**Dataset entries:**
|---|

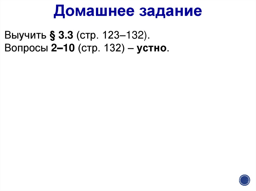 Домашнее заданиеВыучить § 3.3 (стр. 123–132).
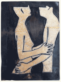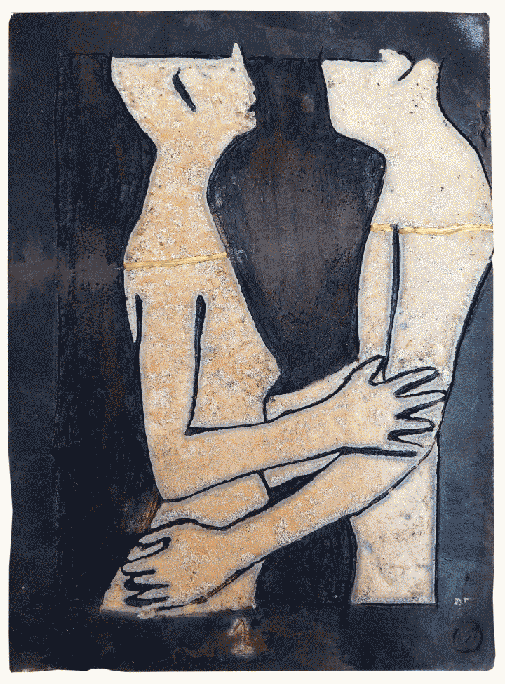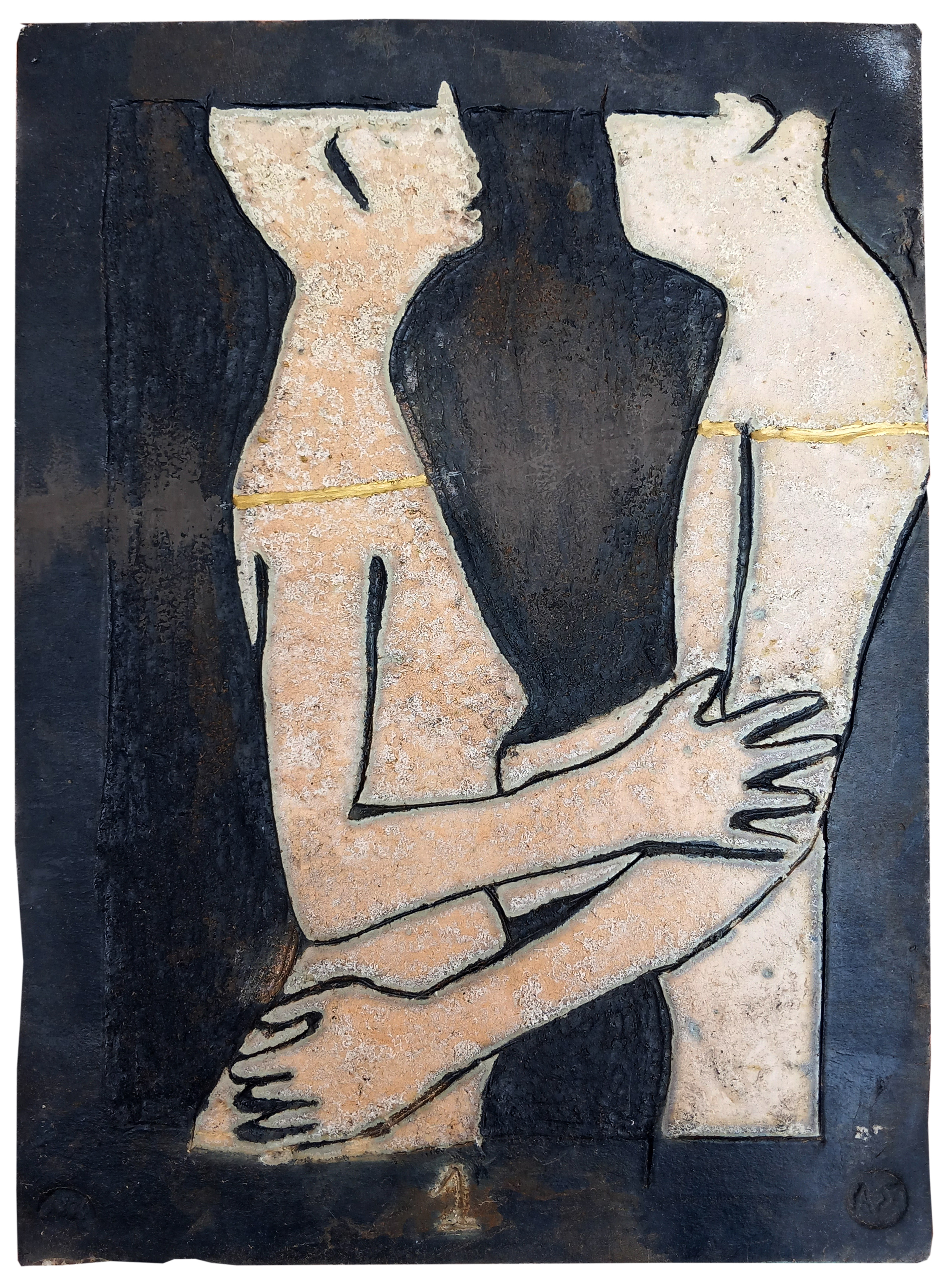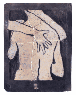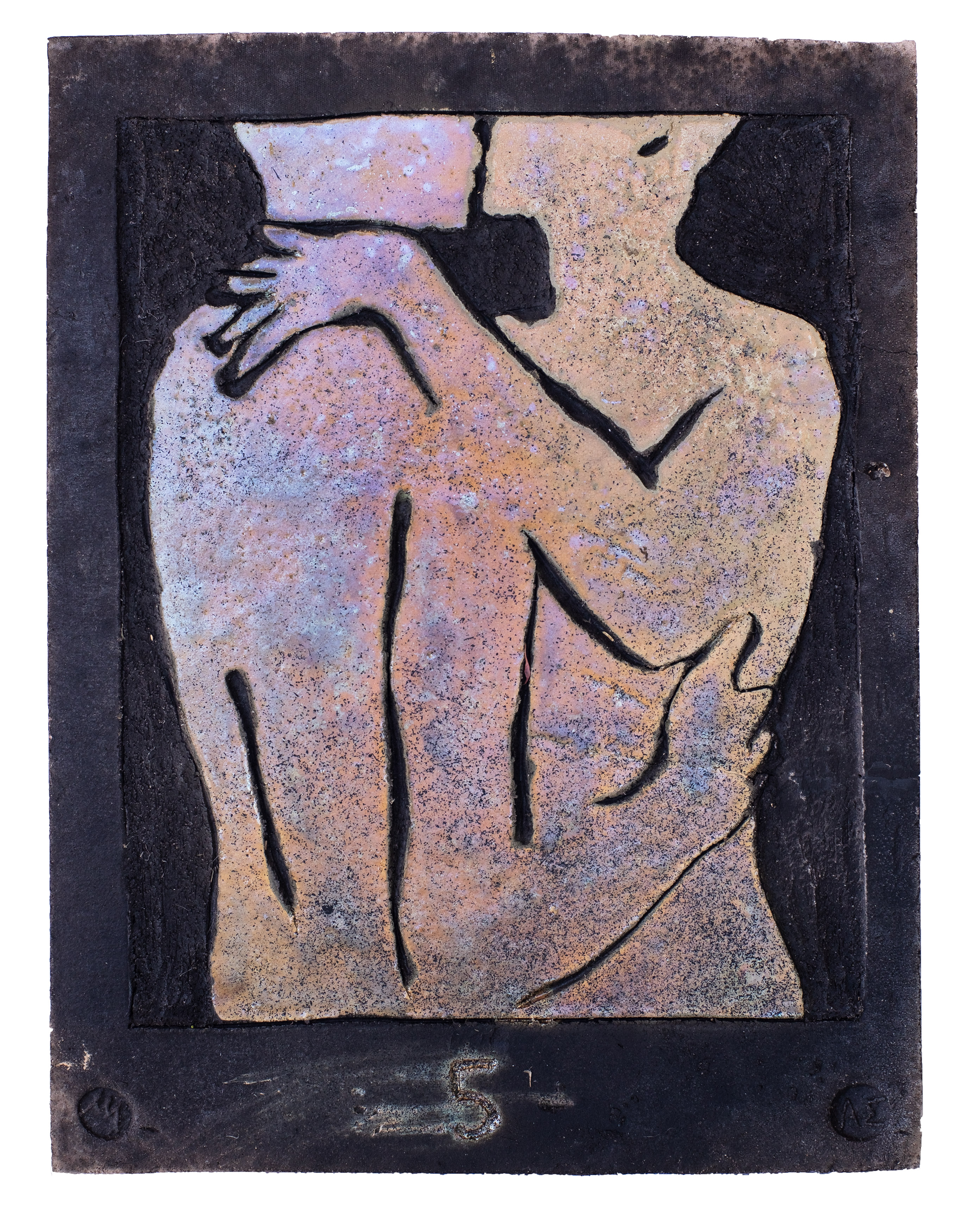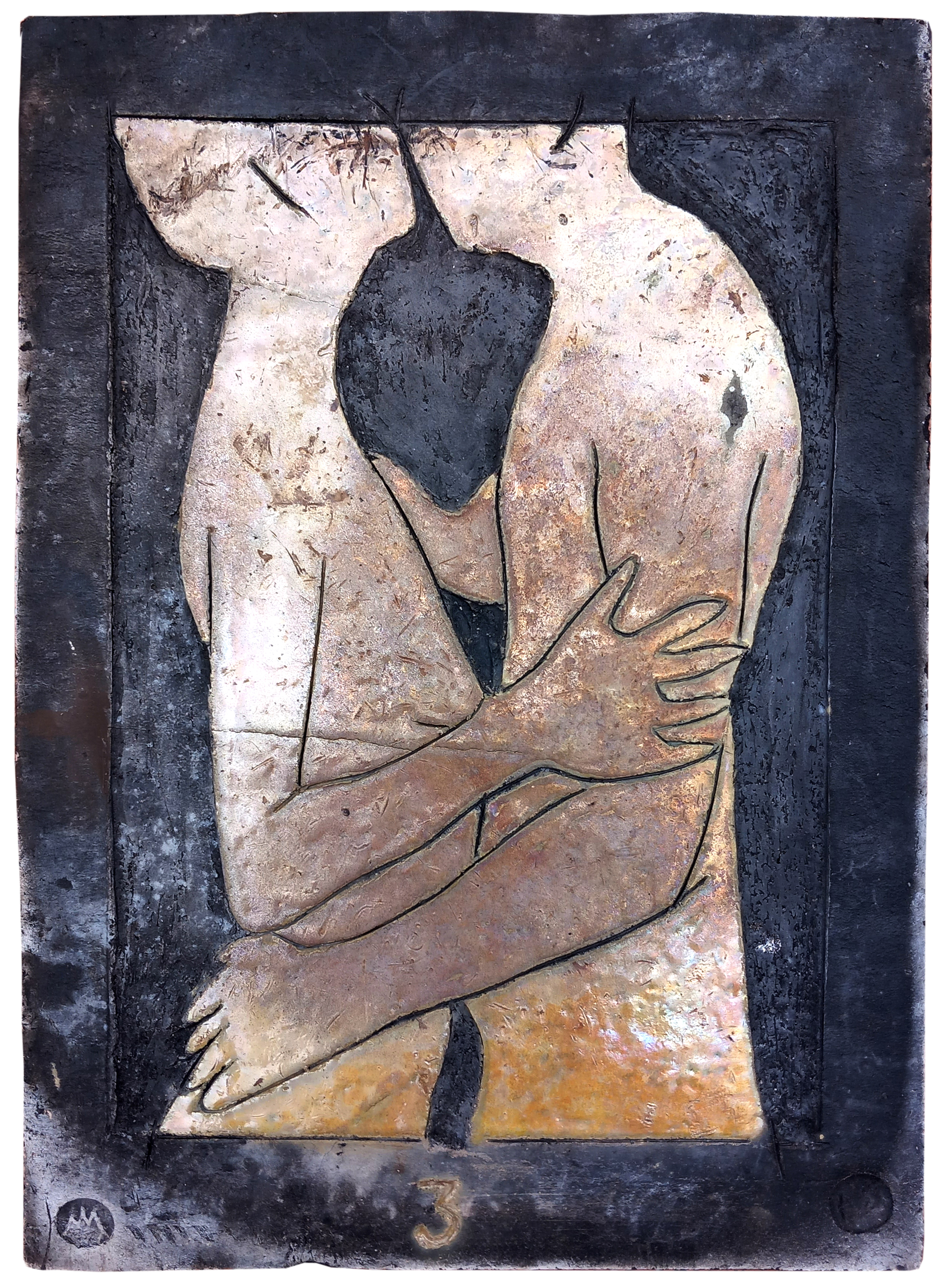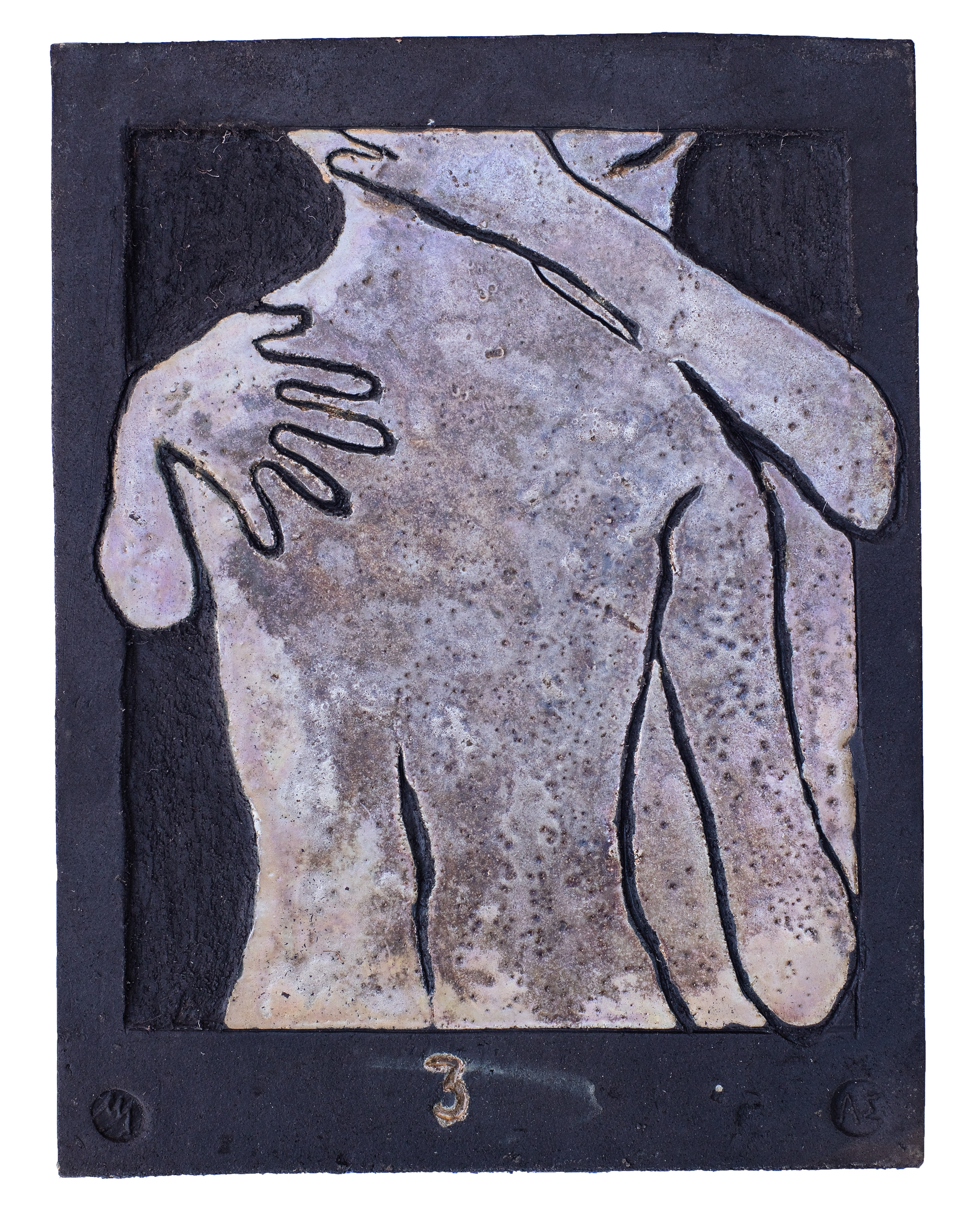 Raku ceramic tile Hug #1 31 x 39 x 3 cm, 2 kg |
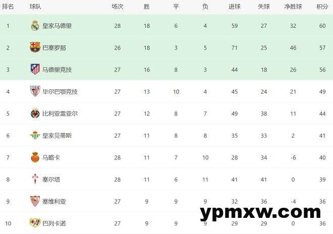 在积分榜上,18胜6平4负的皇马以60分高居榜首。巴萨拿到57分排名第2。虽然巴萨落后,但比皇马少踢2场比赛。马竞拿到56分排名第3。毕尔巴鄂竞技49分排名第4。比利亚雷亚尔44分排名第5。皇家贝蒂斯41分排名第6。
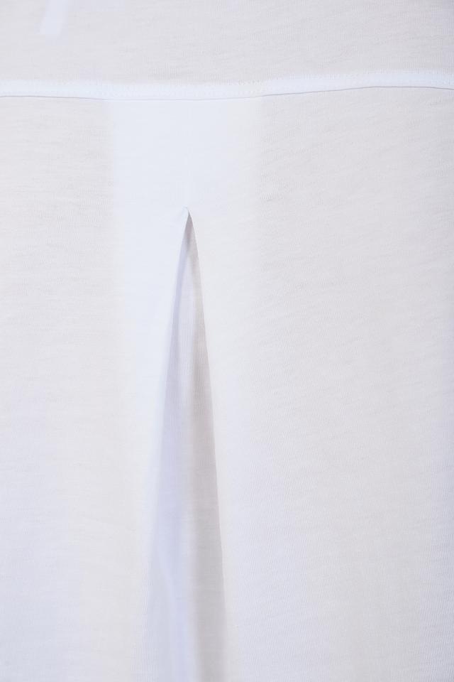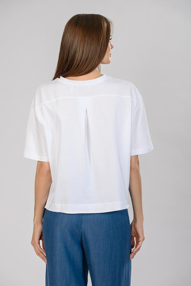 Футболка имеет свободный крой, который не сковывает движения, и короткие рукава, идеально подходящие для теплой погоды. Белый цвет делает ее универсальной, позволяя легко сочетать с различными элементами одежды.
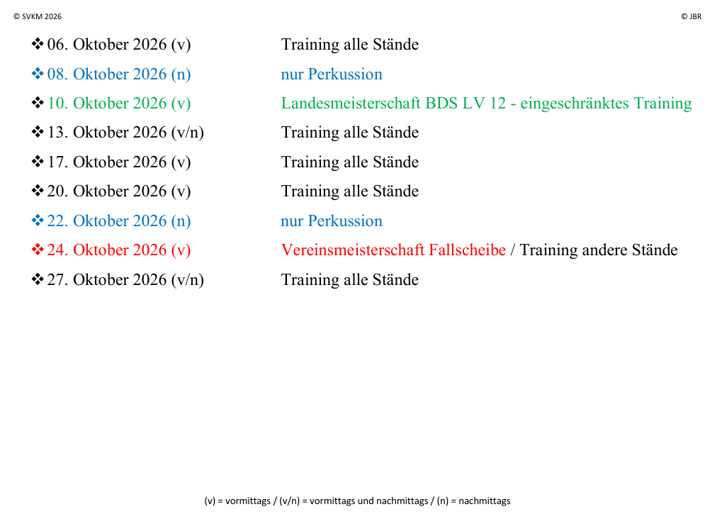 Termine und Veranstaltungen im Monat Oktober 2026
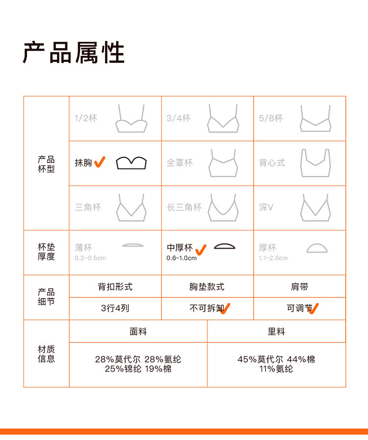 商品名称:NEIWAI内外橙标|零敏抹胸防滑固定杯文胸女士无钢圈内衣 706506
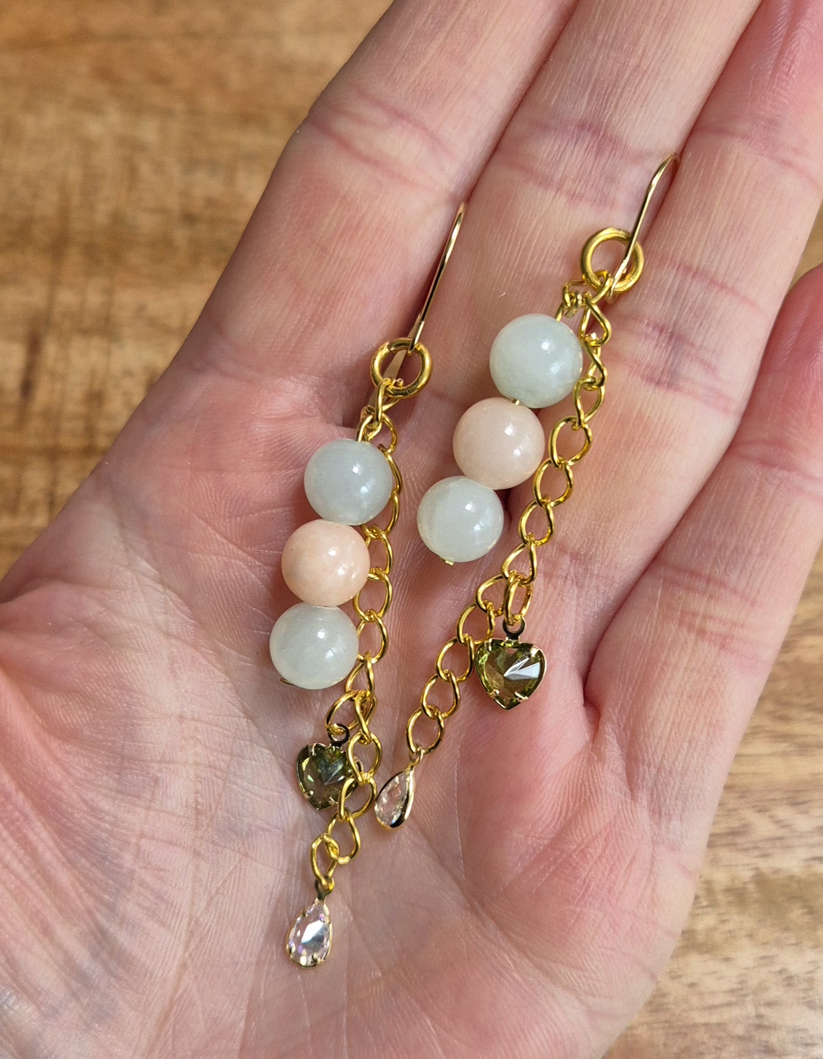 De goudkleurige oorbellen zijn voorzien van prachtige pastelkleurige kralen en RVS kettingen, met daaraan een schattig bedeltje in de vorm van een hart en een druppel. Met een lengte van 7,5 cm zijn deze oorbellen elegant en stijlvol, perfect voor elke gelegenheid. Voeg een vleugje kleur toe aan je outfit met deze unieke en trendy oorbellen.
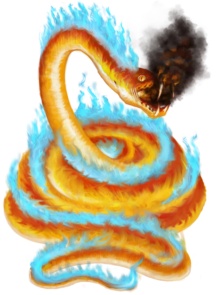 Firewyrms live in tubes of molten lava found throughout the Plane of Fire. These strange environments often connect to volcanoes on mortal worlds, giving firewyrms access to a wide variety of prey.
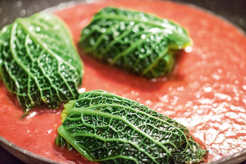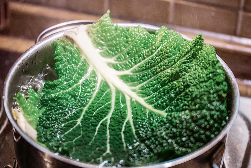 - Die Wirsingkohlblätter etwa 2 Minuten blanchieren und anschließend in kaltem Wasser abschrecken. Durch das Blanchieren lassen sich die Blätter besser formen, ohne dass sie reißen. Das Abkühlen ist wichtig, damit die grüne Farbe erhalten bleibt.

|---|

Transcribe exactly the lines from the one with "De goudkleurige oorbellen" to the last line of the records, both included, so that no picture appears in the copy.

**Worked solution:**
 De goudkleurige oorbellen zijn voorzien van prachtige pastelkleurige kralen en RVS kettingen, met daaraan een schattig bedeltje in de vorm van een hart en een druppel. Met een lengte van 7,5 cm zijn deze oorbellen elegant en stijlvol, perfect voor elke gelegenheid. Voeg een vleugje kleur toe aan je outfit met deze unieke en trendy oorbellen.
 Firewyrms live in tubes of molten lava found throughout the Plane of Fire. These strange environments often connect to volcanoes on mortal worlds, giving firewyrms access to a wide variety of prey.
 - Die Wirsingkohlblätter etwa 2 Minuten blanchieren und anschließend in kaltem Wasser abschrecken. Durch das Blanchieren lassen sich die Blätter besser formen, ohne dass sie reißen. Das Abkühlen ist wichtig, damit die grüne Farbe erhalten bleibt.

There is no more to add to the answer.